Exercise instructions — Each line of the data below goes into the copy exactly; pictures do not.
:: Material supplied
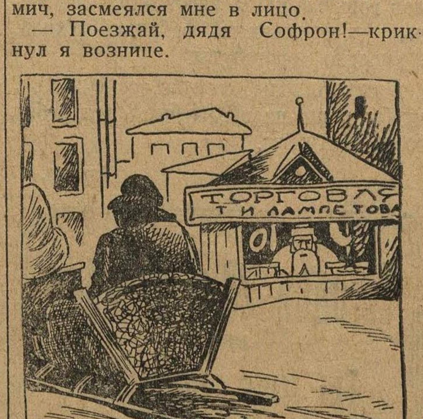
Улыбнулась приветливая вывеска — торговля Лампетова.

— Поезжай, дядя Софрон! — крикнул я вознице.
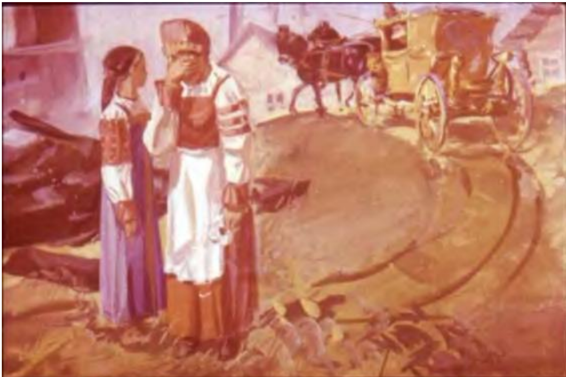
Барыня тут же отдала деньги, подхватила шнатулку и айда домой.
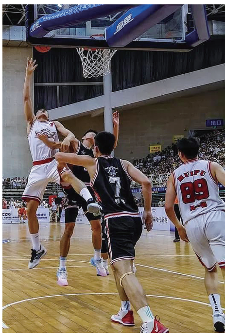
时光不同，但快乐相同。图为株化篮球比赛老照片与去年“厂BA”精彩瞬间。
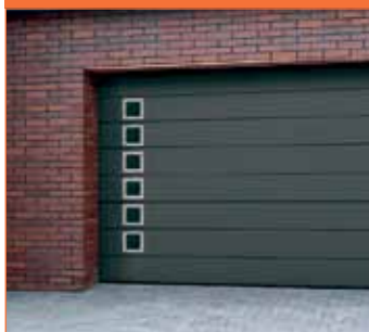
INNO 100 M (leveä vaakaura)

Suoruutta suunnitteluun. Ajaton malli, joka käy taloon kuin taloon ja antaa oveen jyvän ilmeen.
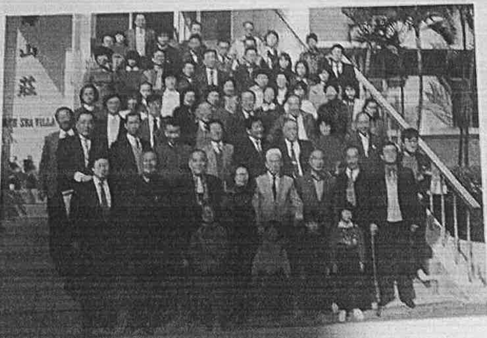
民國七十五年高麗宗親會於台北市碧海山莊，餐後合影
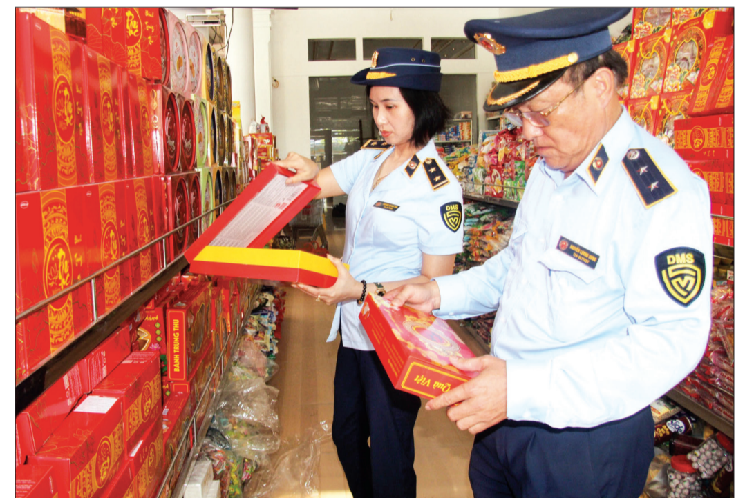
Đội Quản lý thị trường số 3 kiểm tra hoạt động kinh doanh bánh kẹo trên địa bàn huyện Hưng Hà.
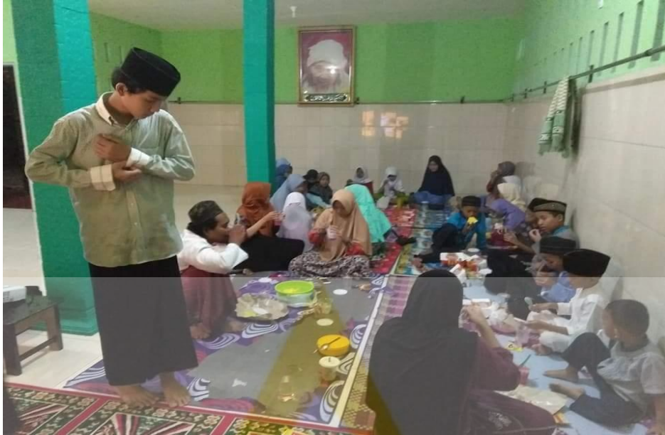
Pengajian rutin bulanan manaqib shyeh abdul qodir di AULA dalem pondok pesantren bani malik
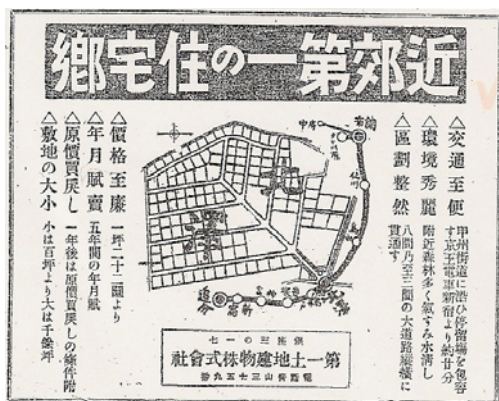
（「読売新聞」大正 13 年 10 月 19 日より）

私は北沢（筆者注 現在の北沢）を開く時、資金は、台湾で社長をしていた台湾土地建物会社の資金百五十万円を、臨時に融資して、大正 13 年第一土地建物株式会社を、銀座三丁目に創立したが、実は、台湾会社の株主からは大反対をうけた。東京の住宅地を、台湾の金で開くことは不当だというのである。私は、「台湾の会社に結局損をしないようにするから、しばらくの間、国の為だと思って見て貰いたい。」と説得して、北沢の計画に入ったのだ。これによって、私個人は少しも利得がなかったが、台湾の株主には迷惑をかけずにすんだ。今、省みても意義のある仕事をしたと思っっている。
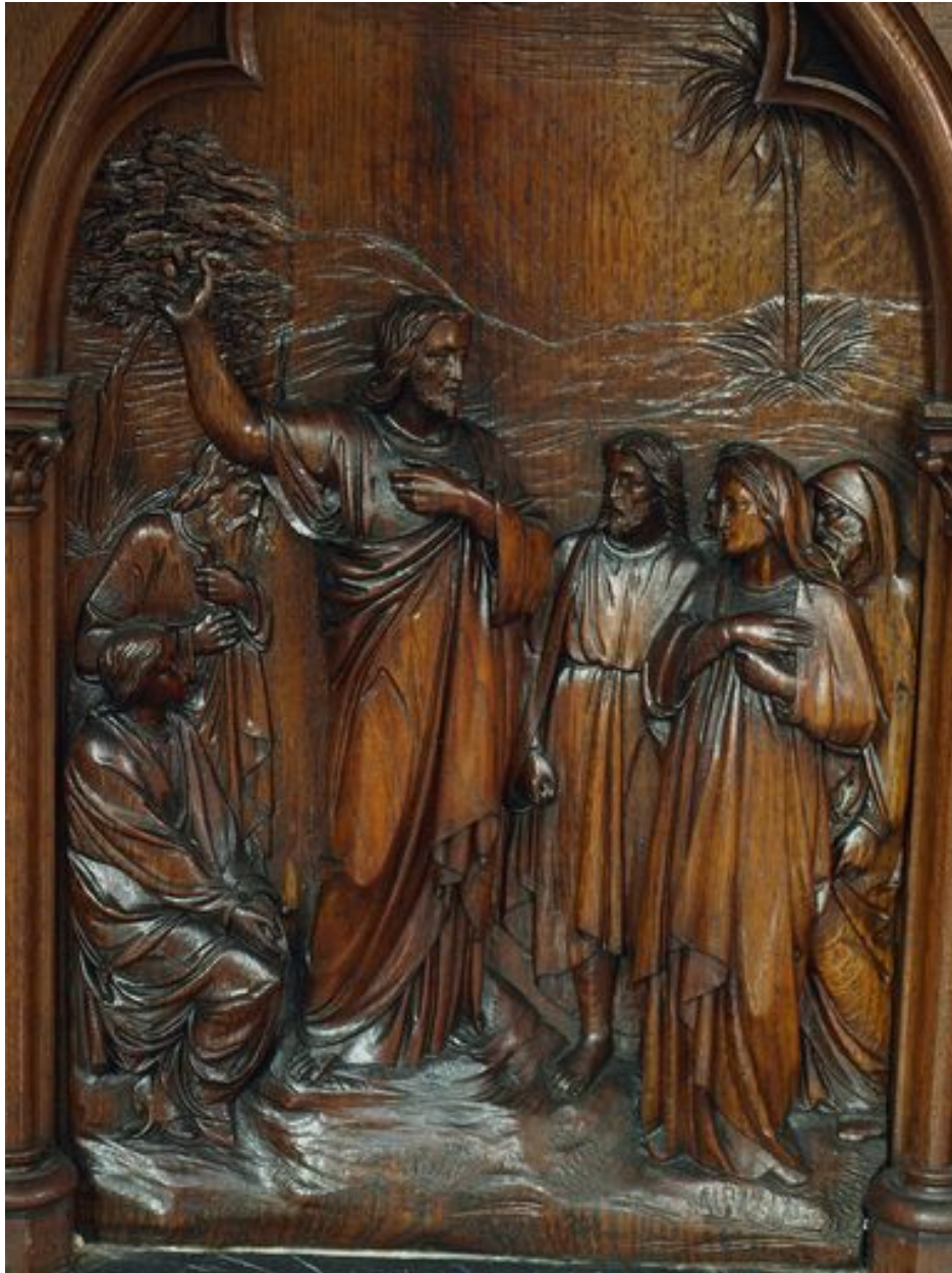
Prédication du Christ
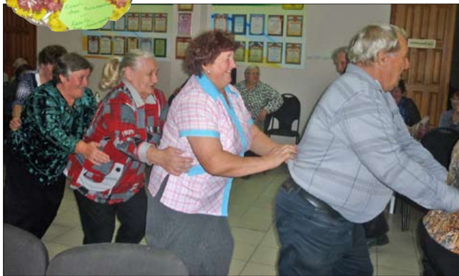
Байкаловские пенсионеры отдохнули от души
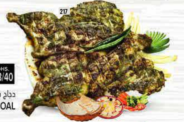
217 دجاج فلفل أخضر على الفحم GREEN CHILLI CHARCOAL
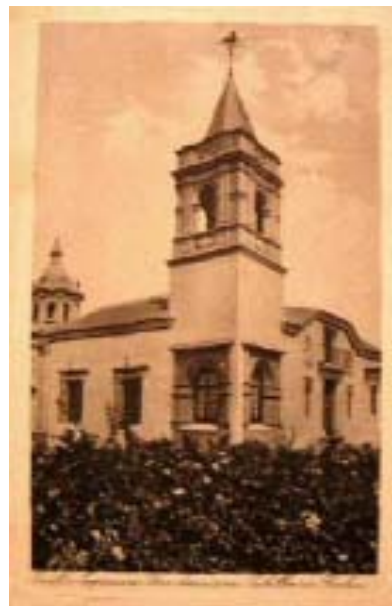
Pabellón de Huelva en la I Exposición Universal de Sevilla (1920).
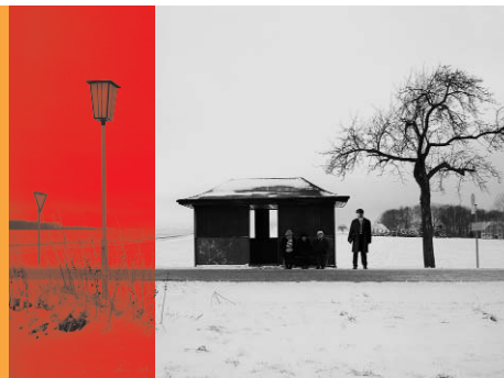
Schröders wunderbare Welt
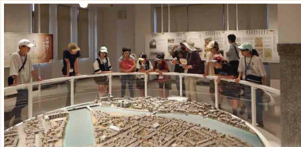
平和記念公園レストハウス(元大正屋呉服店・被爆建物)内の展示室
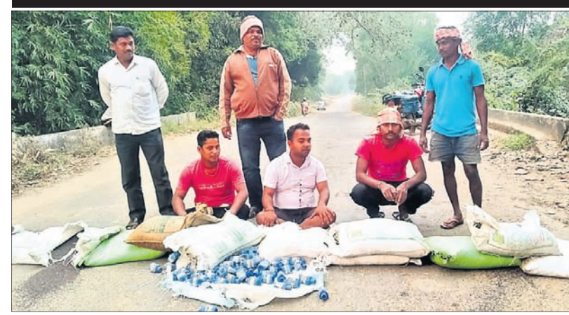
କୃଷି ସାମଗ୍ରୀ ଫୋପଡ଼ା ଯାଇଥିବା ଚାଷୀମାନେ ରାସ୍ତାରେକୋ କରିଛନ୍ତି।

ପର୍ଯ୍ୟନ୍ତ ଫୋପଡ଼ା ଯାଇଥିବା ସାମଗ୍ରୀ କେଉଁ ବିଭାଗର ସମ୍ପତ୍ତି ହେବ ତ ସ୍ପଷ୍ଟ ନ ଥିବା ବେଳେ ଘଟଣାର ଉଚ୍ଚସ୍ତରୀୟ ତଦନ୍ତ କରି କାର୍ଯ୍ୟାଳୟ ନେବାକୁ ଚାଷୀମାନେ ଦାବି କରିଛନ୍ତି। ନଚେତ୍ ଆଗାମୀ
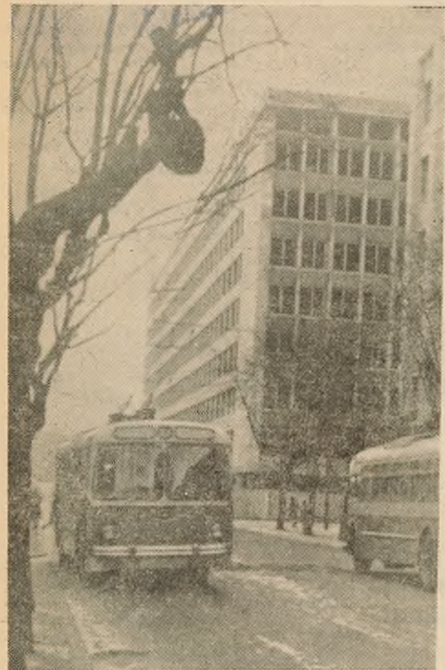
Узняўся ўзвысь новы корпус хімічнага факультэта.
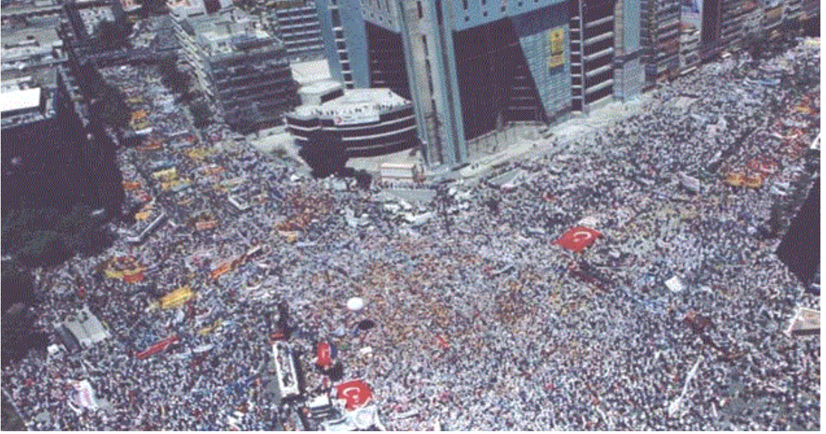
Emek Platformu'nun 24 Temmuz 1999 Ankara-Kızılay Mitingi

20 yıl önce Mart ayında Türkiye tarihinde ilk kez, işçi sınıfının tüm kesimleri bir araya gelerek, yaşanan ekonomik krizde Dünya Bankası aracılığıyla emperyalist güçlerin Türkiye'ye dayattıkları ekonomik politikaların alternatifi kapsamlı bir program hazırlayarak kamuoyuna sundu. Ben de, Türk-İş adına, bu programı hazırlayan komitede görev yapmışım. Türk-İş, Hak-İş, DİSK, KESK, Türkiye Kamu-Sen, Memur-Sen, Türkiye İşçi Emeklileri Derneği, Tüm İşçi Emeklileri Derneği, Tüm Bağ-Kur Emeklileri Derneği, TMMOB, Türk Dış Hekimleri Birliği, Türk Eczacılar Birliği, Türk Tabipleri Birliği, Türk Veteriner Hekimleri Birliği ve Türmob'dan oluşan EMEK PLATFORMU, 24-25 Mart 2001 günleri Ankara'da düzenlediği "Emek Politikaları Sempozyumu" sonrasında, 31 Mart 2001 günü yapılan Ekonomik ve Sosyal Konsey toplantısında, Emek Platformu Programı'nı Başbakan Bülent Ecevit'e sundu. Program, Emek Platformu'na bağlı örgütler tarafından binlerce basılarak üyelere dağıtıldı. Ancak nedense, bu programda ifade edilen son derece önemli ortak görüşler doğrultusunda daha sonraki yıllarda kararlı bir mücadele verilmedi.
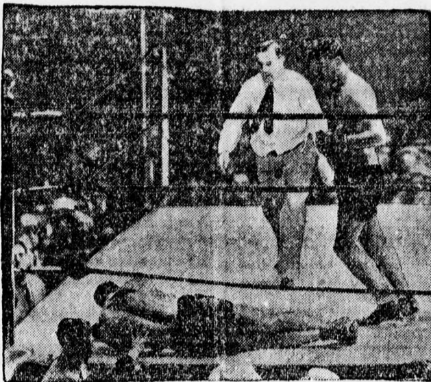
Kép a clevelandi boxmérkőzésről. Schmelling, a világbajnok knock-autolja ellenfelét, Striblinget.

Előadások kezdete hétköznap 1/9 órakor, vasárnap 1/2 és 1/9 órakor. Vasárnap a 1/2 óras előadás mérsékelt helyárrakkal.
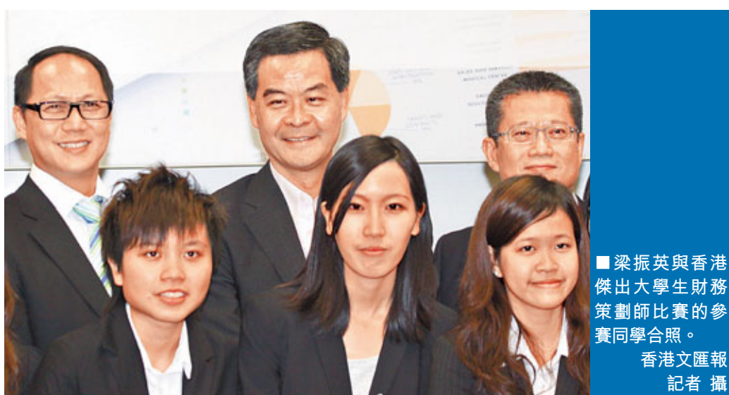
梁振英與香港傑出大學生財務策劃師比賽的參賽同學合照。

他並以一件往事，為同學們點出香港將來的發展方向：許久之之前，他帶著當時10歲的女兒參加一個香港的鋼琴比賽，同場有一位母親帶女兒由海口來港參賽，他在升降機內問對方為何特地帶女兒來港參賽，母親回答說：「香港的證書沒有假的。」這件事，令他聯想到香港
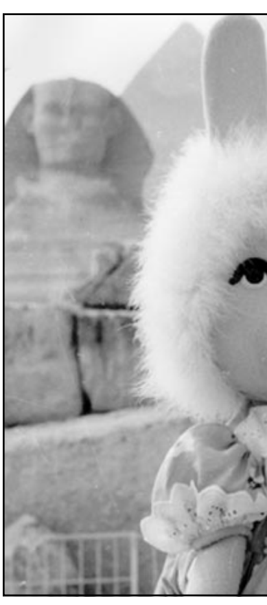
لقطة من مسلسل «بوجي وططم»

■ كيف بدأت زمة مسلسل «بوجي وططم»؟ ■ منذ فترة، عندما طلبوا مني ان اتوقف عن تأليف المسلسل والاختفاء فقط باخراجه. لاسف المسؤولين في T.V نسوا انني مندع في الاصل، وعندما رفضت هذا الطلب قاموا بالغاء حلقات «بوجي وططم» فوراً وعدم اذاعتها على الشاشة رغم انني أقدم هذه الحلقات منذ 18 سنة، ولا استطع تفسير ما حدث معي سوى انها مؤامرة تحاك ضد كل ما هو عربي، ولا فلماذا الخوا «بوجي وططم»، وعرضوا المسلسل الأمريكي المبدع «افتح يا سمسم».
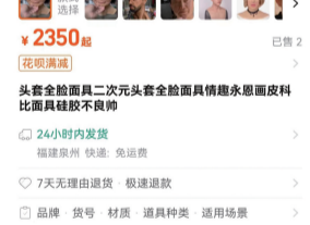
“人脸面具”销售商家截图。
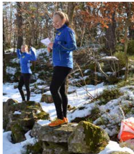
Även i Skatås sken solen på snön och deltagarna.
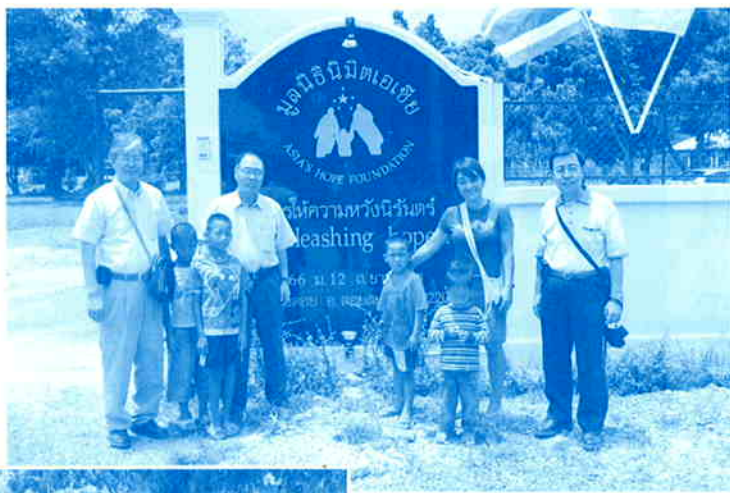
▶アジアホープ孤児院入り口で、小学生の孤児たちと

・この孤児院に〇歳〜三歳児の新規収容のための託児施設を建設するとの結論を得て帰国しました。これを受けて九月四日、さいたま市のパレスホテル大宮にて役員会が開かれ、細部にわたり検討し、正式に決定いたしました。
::::
Answer below —
Улыбнулась приветливая вывеска — торговля Лампетова.

— Поезжай, дядя Софрон! — крикнул я вознице.
Барыня тут же отдала деньги, подхватила шнатулку и айда домой.
时光不同，但快乐相同。图为株化篮球比赛老照片与去年“厂BA”精彩瞬间。
INNO 100 M (leveä vaakaura)

Suoruutta suunnitteluun. Ajaton malli, joka käy taloon kuin taloon ja antaa oveen jyvän ilmeen.
民國七十五年高麗宗親會於台北市碧海山莊，餐後合影
Đội Quản lý thị trường số 3 kiểm tra hoạt động kinh doanh bánh kẹo trên địa bàn huyện Hưng Hà.
Pengajian rutin bulanan manaqib shyeh abdul qodir di AULA dalem pondok pesantren bani malik
（「読売新聞」大正 13 年 10 月 19 日より）

私は北沢（筆者注 現在の北沢）を開く時、資金は、台湾で社長をしていた台湾土地建物会社の資金百五十万円を、臨時に融資して、大正 13 年第一土地建物株式会社を、銀座三丁目に創立したが、実は、台湾会社の株主からは大反対をうけた。東京の住宅地を、台湾の金で開くことは不当だというのである。私は、「台湾の会社に結局損をしないようにするから、しばらくの間、国の為だと思って見て貰いたい。」と説得して、北沢の計画に入ったのだ。これによって、私個人は少しも利得がなかったが、台湾の株主には迷惑をかけずにすんだ。今、省みても意義のある仕事をしたと思っっている。
Prédication du Christ
Байкаловские пенсионеры отдохнули от души
217 دجاج فلفل أخضر على الفحم GREEN CHILLI CHARCOAL
Pabellón de Huelva en la I Exposición Universal de Sevilla (1920).
Schröders wunderbare Welt
平和記念公園レストハウス(元大正屋呉服店・被爆建物)内の展示室
କୃଷି ସାମଗ୍ରୀ ଫୋପଡ଼ା ଯାଇଥିବା ଚାଷୀମାନେ ରାସ୍ତାରେକୋ କରିଛନ୍ତି।

ପର୍ଯ୍ୟନ୍ତ ଫୋପଡ଼ା ଯାଇଥିବା ସାମଗ୍ରୀ କେଉଁ ବିଭାଗର ସମ୍ପତ୍ତି ହେବ ତ ସ୍ପଷ୍ଟ ନ ଥିବା ବେଳେ ଘଟଣାର ଉଚ୍ଚସ୍ତରୀୟ ତଦନ୍ତ କରି କାର୍ଯ୍ୟାଳୟ ନେବାକୁ ଚାଷୀମାନେ ଦାବି କରିଛନ୍ତି। ନଚେତ୍ ଆଗାମୀ
Узняўся ўзвысь новы корпус хімічнага факультэта.
Emek Platformu'nun 24 Temmuz 1999 Ankara-Kızılay Mitingi

20 yıl önce Mart ayında Türkiye tarihinde ilk kez, işçi sınıfının tüm kesimleri bir araya gelerek, yaşanan ekonomik krizde Dünya Bankası aracılığıyla emperyalist güçlerin Türkiye'ye dayattıkları ekonomik politikaların alternatifi kapsamlı bir program hazırlayarak kamuoyuna sundu. Ben de, Türk-İş adına, bu programı hazırlayan komitede görev yapmışım. Türk-İş, Hak-İş, DİSK, KESK, Türkiye Kamu-Sen, Memur-Sen, Türkiye İşçi Emeklileri Derneği, Tüm İşçi Emeklileri Derneği, Tüm Bağ-Kur Emeklileri Derneği, TMMOB, Türk Dış Hekimleri Birliği, Türk Eczacılar Birliği, Türk Tabipleri Birliği, Türk Veteriner Hekimleri Birliği ve Türmob'dan oluşan EMEK PLATFORMU, 24-25 Mart 2001 günleri Ankara'da düzenlediği "Emek Politikaları Sempozyumu" sonrasında, 31 Mart 2001 günü yapılan Ekonomik ve Sosyal Konsey toplantısında, Emek Platformu Programı'nı Başbakan Bülent Ecevit'e sundu. Program, Emek Platformu'na bağlı örgütler tarafından binlerce basılarak üyelere dağıtıldı. Ancak nedense, bu programda ifade edilen son derece önemli ortak görüşler doğrultusunda daha sonraki yıllarda kararlı bir mücadele verilmedi.
Kép a clevelandi boxmérkőzésről. Schmelling, a világbajnok knock-autolja ellenfelét, Striblinget.

Előadások kezdete hétköznap 1/9 órakor, vasárnap 1/2 és 1/9 órakor. Vasárnap a 1/2 óras előadás mérsékelt helyárrakkal.
梁振英與香港傑出大學生財務策劃師比賽的參賽同學合照。

他並以一件往事，為同學們點出香港將來的發展方向：許久之之前，他帶著當時10歲的女兒參加一個香港的鋼琴比賽，同場有一位母親帶女兒由海口來港參賽，他在升降機內問對方為何特地帶女兒來港參賽，母親回答說：「香港的證書沒有假的。」這件事，令他聯想到香港
لقطة من مسلسل «بوجي وططم»

■ كيف بدأت زمة مسلسل «بوجي وططم»؟ ■ منذ فترة، عندما طلبوا مني ان اتوقف عن تأليف المسلسل والاختفاء فقط باخراجه. لاسف المسؤولين في T.V نسوا انني مندع في الاصل، وعندما رفضت هذا الطلب قاموا بالغاء حلقات «بوجي وططم» فوراً وعدم اذاعتها على الشاشة رغم انني أقدم هذه الحلقات منذ 18 سنة، ولا استطع تفسير ما حدث معي سوى انها مؤامرة تحاك ضد كل ما هو عربي، ولا فلماذا الخوا «بوجي وططم»، وعرضوا المسلسل الأمريكي المبدع «افتح يا سمسم».
“人脸面具”销售商家截图。
Även i Skatås sken solen på snön och deltagarna.
▶アジアホープ孤児院入り口で、小学生の孤児たちと

・この孤児院に〇歳〜三歳児の新規収容のための託児施設を建設するとの結論を得て帰国しました。これを受けて九月四日、さいたま市のパレスホテル大宮にて役員会が開かれ、細部にわたり検討し、正式に決定いたしました。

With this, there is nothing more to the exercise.